Sa natte n’avait pas changé. Ou plutôt si, elle avait grandi. Et elle était désormais accompagnée de deux petites sœurs qui couraient le long des joues de leur propriétaire au départ de ses tempes. Titania arborait une tunique thoracique en cuir échancrée aux niveau des épaules et délimitée par une fine fourrure, ainsi qu’un paréo de tissu finalisé par des plumes. Ses bracelets brachiaux et jambiers ne l’avaient eux jamais quittée.

Le capitaine Swan n’en demanda pas plus. Elle devinait les origines de cette inconnue à la natte grotesque, et elle se rua vers elle pour tenter de laver l’affront qu’elle venait de subir. Ses mouvements furent rapides et précis. Elle asséna deux coups de sabre verticaux. Ses armes se figèrent au milieu de leur trajectoire. Titania bloquait chacune d’elles avec ses mains qui avaient attrapé le tranchant des lames en les agrippant avant qu’elles n’aient pu fendre quoi que ce soit. Ella Swan se crispa et grogna. Puis son opposante riposta simultanément en engageant un coup de genou. Il fut paré à son tour. Le capitaine avait lâché un de ses sabres et mis en opposition de la contre-offensive son coude pour la bloquer.

  • Ne me sous-estime pas sauvage !

Titania fut ravie de la performance de son adversaire. Leur corps s’était immobilisé par la force engagée. La fille de Milas appuya un peu plus son lumen si bien que son assaillante fut éjectée dans les airs à quelques mètres.

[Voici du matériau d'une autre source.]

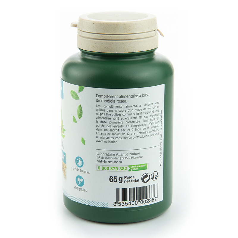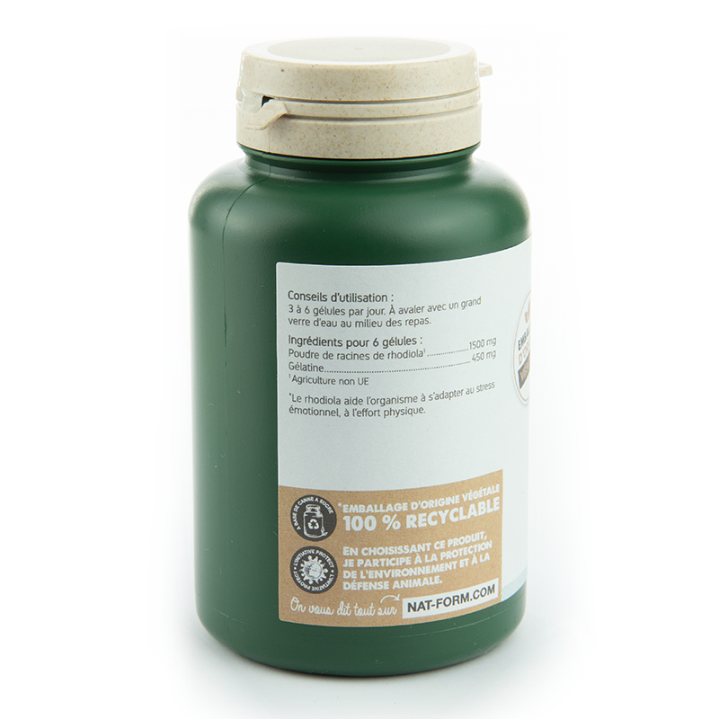 Ingrédients pour 6 gélules : Poudre de racines de rhodiola 1500 mg Gélatine 450 mg
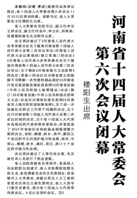 圆满完成各项议程后,省十四届人大常委会第六次会议11月30日在郑州闭幕。省委书记、省人大常委会主任楼阳生出席。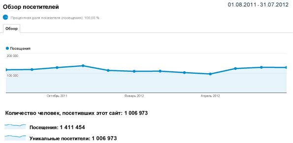 Статистические показатели TopClimat остаются на высоте. По данным Google Analytics в период с 01.08.2011 по 31.07.2012 – почти 1,5 миллиона посещений, из которых более миллиона уникальных посетителей.

Puis elle jeta au milieu des décombres le sabre, que le capitaine lui avait concédé et qui aurait dû lui découper les chairs. Elle croisa ensuite les bras dans une posture pleine d’aplomb face au capitaine qui se réceptionna sans difficulté sur un pan de mur effondré de travers.

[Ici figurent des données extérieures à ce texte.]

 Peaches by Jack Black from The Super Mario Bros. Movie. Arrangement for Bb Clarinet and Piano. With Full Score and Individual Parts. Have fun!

  • Ces deux-là sont avec moi. Il faudra me passer sur le corps si tu veux toucher à un de leurs cheveux.

Ella Swan dressait son plus beau dédain. Son genou était fléchi et l’autre jambe restait tendue pour la maintenir sur son support bancal. Le mépris était palpable dans ses yeux auburns et était renforcé autant par son menton relevé que sa poitrine bombée. Son visage tuméfié d’ecchymose était dur et ses cheveux lâchés virevoltaient. C’était une guerrière fière et téméraire.

Elles se dévisagèrent un long moment. Le silence qui régnait était transpercé d'appels à l’aide de quelques survivants des alentours. Parfois des cris. Parfois des pleurs. Le chaos n’avait pas disparu. Le décor était désolant. Le village était en ruine et sa population décimée. Une seule créature pouvait être l’auteure d’un tel désastre. Un Mystique. Un monstre divin et mystérieux qui détruisait tout sur son passage. Un monstre qui venait d’anéantir le reste de société du village de Kabir.

Le capitaine Swan regarda avec lenteur à gauche et à droite puis fixa à nouveau un long moment l’invitée importune. Ce n’était pas dans ses habitudes, mais le capitaine Swan se resigna. Elle parla avec ordonnance : « Partez. Partez aussi loin que vous le pourrez. Et ne revenez jamais. Car si je vous retrouve sur mon chemin, je vous tuerai. » Puis elle quitta la scène d’un bon athlétique sans demander son reste.

Les jumeaux et Titania la regardèrent disparaître derrière les ruines. Puis ils se toisèrent. Ils étaient distants d’une dizaine de mètres. Mars et Lune étaient amochés. Leur aînée était à l’inverse rutilante. Ils continuèrent de se jauger. Cela faisait un certain temps qu’ils ne s’étaient pas vus. Une certaine tension régnait, mais très vite Lune accourut autant qu’elle put auprès de Titania pour l'embrasser. Sa tête qui lui arrivait juste au niveau du creux sternal bénéficia d’une affectueuse caresse. Mars expira un bref soupir enjoué. C’était sa façon d'exprimer son ravissement.

  • Je ne pensais pas vous trouver parmi les hommes. Encore moins dans cet état et au beau milieu d’un champ de ruine. Que s’est-il passé et que vous est-il arrivé ?
  • Il semblerait qu’un Mystique soit responsable de tout ceci. Nous allons t’expliquer.